Pengakuan sama diungkap oleh Ketua Bidang Perempuan dan Anak Serikat Pekerja Nasional (SPN), Sumiyati.
Menurutnya, selama ini pabrik-pabrik sama sekali tidak punya sensitivitas terhadap Covid-19. Dia menilai, operasional berjalan seperti biasa, dan menurutnya pengusaha tak mau mengalah dengan PPKM Darurat.
“Kami lihat juga beberapa pabrik operasional berjalan seperti biasa. Mereka nggak mau ngalah dengan PPKM ini, semua rutinitas seperti biasa. Tidak ada protokol berjalan dengan baik,” ungkap Sumiyati.
PT. Global Sertifikasi Sejahtera
Pengadaan hand sanitizer, masker, hingga suplemen vitamin yang seharusnya didapatkan demi menjaga keamanan, keselamatan, kesehatan kepada para buruh juga tak pernah diberikan.
Bahkan untuk masker saja, banyak buruh yang menggunakannya secara berulang.
“Banyak buruh menggunakan masker berulang dicuci dipakai, karena beban. Vitaminnya juga tidak diminum, karena tidak disiapkan,” kata Sumiyati.

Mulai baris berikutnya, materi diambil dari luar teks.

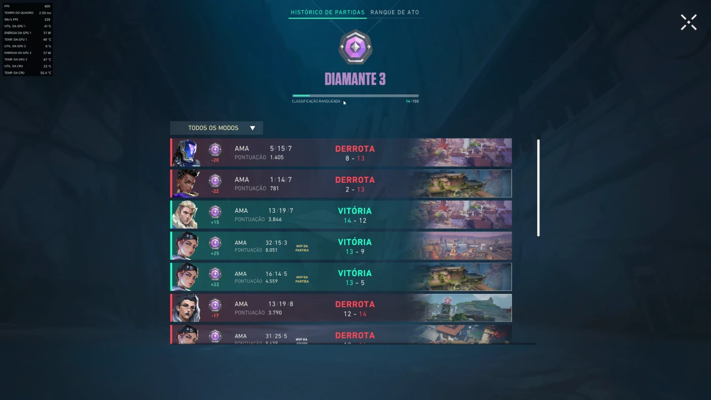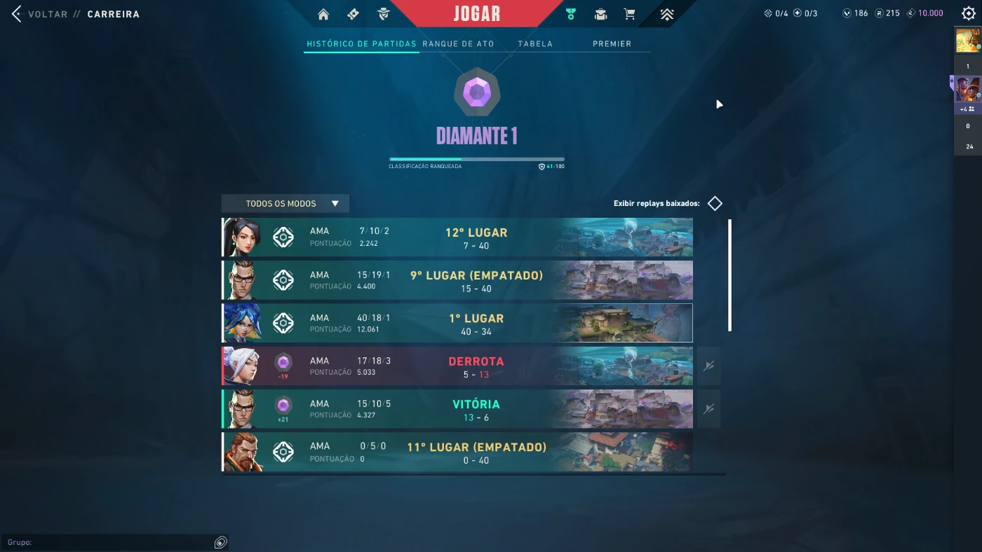 Estou vendendo minha conta do Valorant com várias skins exclusivas e alto histórico de rank. Atualmente no Diamante, já chegou ao Ascendente 2.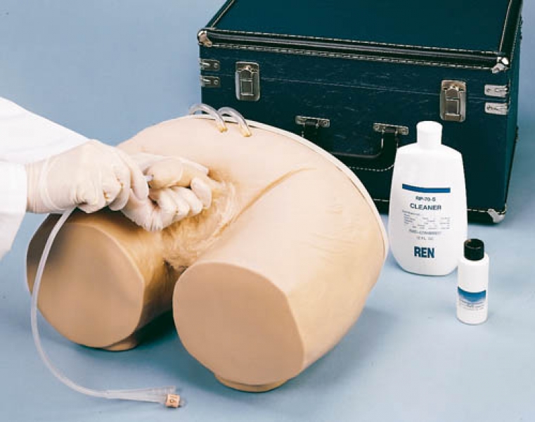 Dieser Simulator besteht aus einem männlichen Unterleib und ermöglicht, den Druck und Widerstand zu erspüren, der von den Schleimhautfalten, den Bulbus urethrae und dem inneren Harnröhrensphinkter kurz vor dem Eintritt in die Blase ausgeht. Wenn der Katheter in die Blase eintritt, fließt künstlicher Urin (Wasser) durch den Katheter. Die richtige Positionierung und Bewegung des Penis während der Katheterisierung lässt sich einfach üben. Lieferung mit Katheter, Gleitmittel und Transportkoffer.

Sumiyati juga menyatakan, harusnya perlindungan pekerja dijamin oleh perusahaan.
Hal itu merupakan amanat UU Ketenagakerjaan, menurutnya.
“Saya ingatkan lagi UU Ketenagakerjaan. Dijelaskan pemberi kerja diwajibkan berikan perlindungan kesejahteraan, keselamatan, dan kesehatan kerja bagi tenaga kerja baik mental dan fisiknya,” ungkap Sumiyati.